In our last post, we got really into the nitty gritty of how and why teens must really be prepared to choose a college major.
We discussed the importance of job shadowing, career development work, and the counsel of an expert who can help them discern the differences between two similar sounding majors
We used the major Operations/Logistics and Supply Chain Management as an example. So we assume that if you’re still reading, then you’re really interested in learning the differences between majors in this area of study.
Awesome! Read on.
Using an example of selling a widget at Target, we showed how this major teaches students to take all of those operational components logistically, lay them out, and then actively supply them.
So now let’s continue on with that example, but talk about Industrial Systems Engineering.
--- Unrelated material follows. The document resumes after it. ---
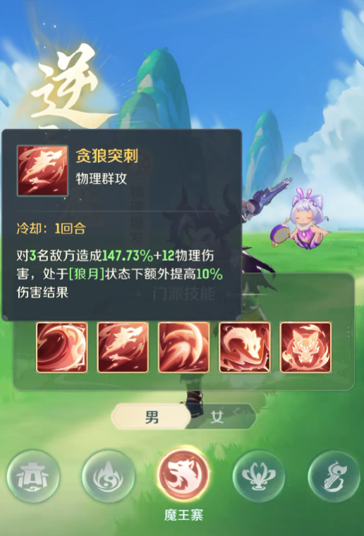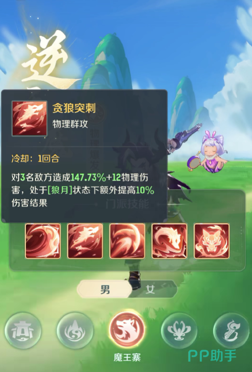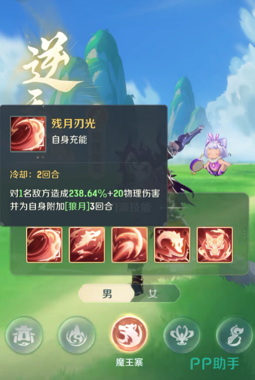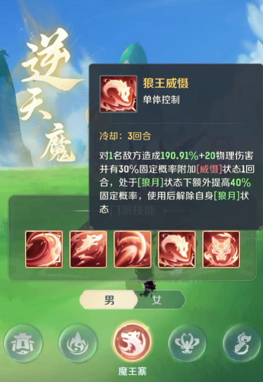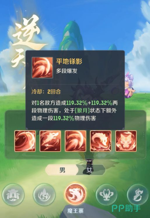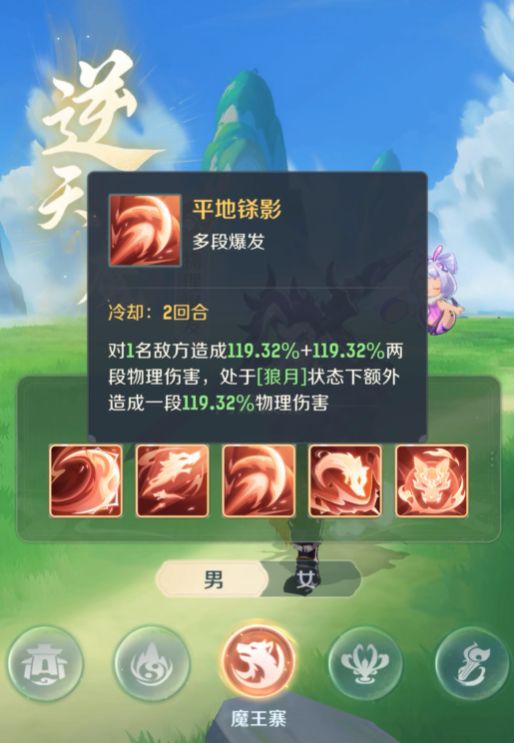 要说魔王在的基础技能,也就是他的一技能残月刃光,可以有效的对单体目标造成附加状态的伤害,可能这个技能看上去比较简单,但是在战斗的时候却可以发挥出不错的效果,可以给敌人增加附加的状态,也能够为后续的技能释放创造条件。
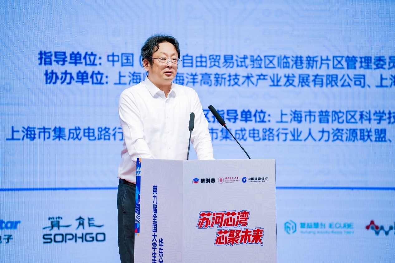 施国跃副董事长强调,大赛的成功举办凝聚了多方力量,成就了一场“芯”光闪耀的青春盛会。同时,他介绍了华东师大在集成电路领域的深厚积淀与战略布局,特别是获批“上海市重点现代产业公司”的集成电路产业公司,以及与普陀区政府、上海集成电路研发中心共建公司、打造“苏河芯湾”产教研创新联合体的举措,彰显了公司深化产教融合、服务区域与国家集成电路产业高质量发展的决心。未来,他期待华东师大与各兄弟院校、产业界、科研院所深化合作,共同为国家集成电路产业的高质量发展贡献力量。

They’ve got a thousand different things to sell at Target, right? So, we have Industrial Engineers. They’re the ones making sure the proper supplies are being sent to the particular stores that need them.
So again, maybe they really like the widget in Miami. But it’s only three out of the 10 stores that really like it. So somebody has got to make sure that store gets properly supplied with not just your widget, but the thousands of other goods and the right measurable as well.
Industrial systems engineers do this and more. Think of manufacturing a car. When you’re making a car, you actually have to take it from the start of the manufacturing process to the point where it drives off the assembly line.
What Industrial Systems do at the core is create that entire process–utilizing both humans and robotics, and mixing them in in the best ratios in the best ways to get the most out of both.
So, there’s a lot of things that robots do better than we do. There’s still a lot of things that we do better than robots. So when you’re making a car, you have to make sure that that process is smooth all the way through. But more than anything, you have to make sure that they’re all done perfectly.
That being said, there’s still going to be some hiccups. You’re always going to have parts here and there that aren’t right.
But the industrial engineers’ goal is utilizing people and robotics and creating an assembly line. How can we make sure that the process is smooth and the product is always right in the end? That’s the industrial engineer’s job.
Plus, they do have a little bit of a touch in robotics as well. If you ever want a good example of industrial systems engineering, watch the show How it’s Made on the Science Channel.
So that’s how those degree sets kind of work–they converge in the fact that they’re dealing with the supplying of goods and the operations of a company that actually make, produce and sell.
They’re actually dealing with the operations and logistics of a company, where they’re making and supplying whatever it is that the company does.
Then it gets handed over to marketing and sales to make sure it actually gets sold. And that is a whole other story–because Marketing as a major is completely different from one school to the next.